Show that if a_1,a_2,\ldots,a_n are all distinct integers, then the polynomial

P(X)=(X-a_1)^2(X-a_2)^2\cdots(X-a_n)^2+1

cannot be written as a product of two other (non-constant) polynomials with integer coefficients.

There are several possible solutions to this problem. Here is one short way to tackle it:

Suppose we can write the degree $ 2n$ polynomial $ P(X)$ as

$\displaystyle P(X)=f(X)g(X)$

for some nonconstant polynomials $ f(X)$ and $ g(X)$ with integer coefficients. In particular one of these two polynomials will have degree at most $ n$, say $ f$. The polynomial $ P(X)$ takes only strictly positive values (being a perfect square $ +1$), so without loss of generality we may assume that both $ f(X)$ and $ g(X)$ take only strictly positive values for all real values of $ X$.
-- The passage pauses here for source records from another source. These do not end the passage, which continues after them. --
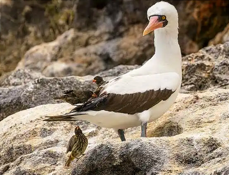 The Galapagos vampire ground finch drinks the blood of blue-footed boobies
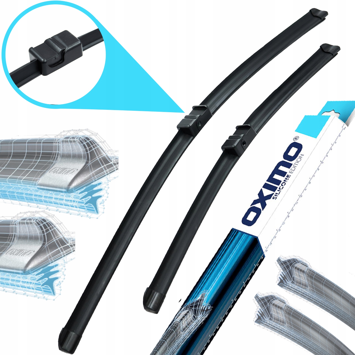 Дворники Oximo характеризуются безрамочной конструкцией и встроенным спойлером.
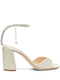 Saeda Sandal Block Heel 85 Platinum Ice Glitter Sandals with Crystal Chain

If we substitute now the integers $ a_i$ for $ X$ we get that

$\displaystyle 1=P(a_i)=f(a_i)g(a_i)$

for all $ i\in\{1,\ldots,n\}$, and since both $ f$ and $ g$ have integer coefficients it follows that

$\displaystyle f(a_i)=g(a_i)=1$

for all $ i$. Thus both polynomials $ f$ and $ g$ take the same value for $ n$ distinct values of $ X$, and since $ \deg(f)\le n$ it follows that the only possibility is that $ \deg(f)= \deg(g)=n$.

Taking the derivative of $ P(X)=f(X)g(X)$ and substituting then $ a_i$ for $ X$ leads to

$\displaystyle P'(a_i) = 0 = f'(a_i)g(a_i) + f(a_i)g'(a_i) = f'(a_i) + g'(a_i) $

In other words the degree $ n-1$ polynomial $ (f(X)+g(X))'$ vanishes at $ n$ distinct values of $ X$ and thus must be identically zero. Hence $ f(X)+g(X)$ is a constant polynomial, and by the above we must have

$\displaystyle f(X)+g(X)\equiv 2 $

Since $ f$ and $ g$ take only (positive) integral values for all integral value of $ X$, it follows that

$\displaystyle f(X)\equiv 1\qquad {\textrm{and}}\qquad g(X)\equiv 1, $

which is a contradiction since both $ f$ and $ g$ are polynomials of degree $ n\ge 1$.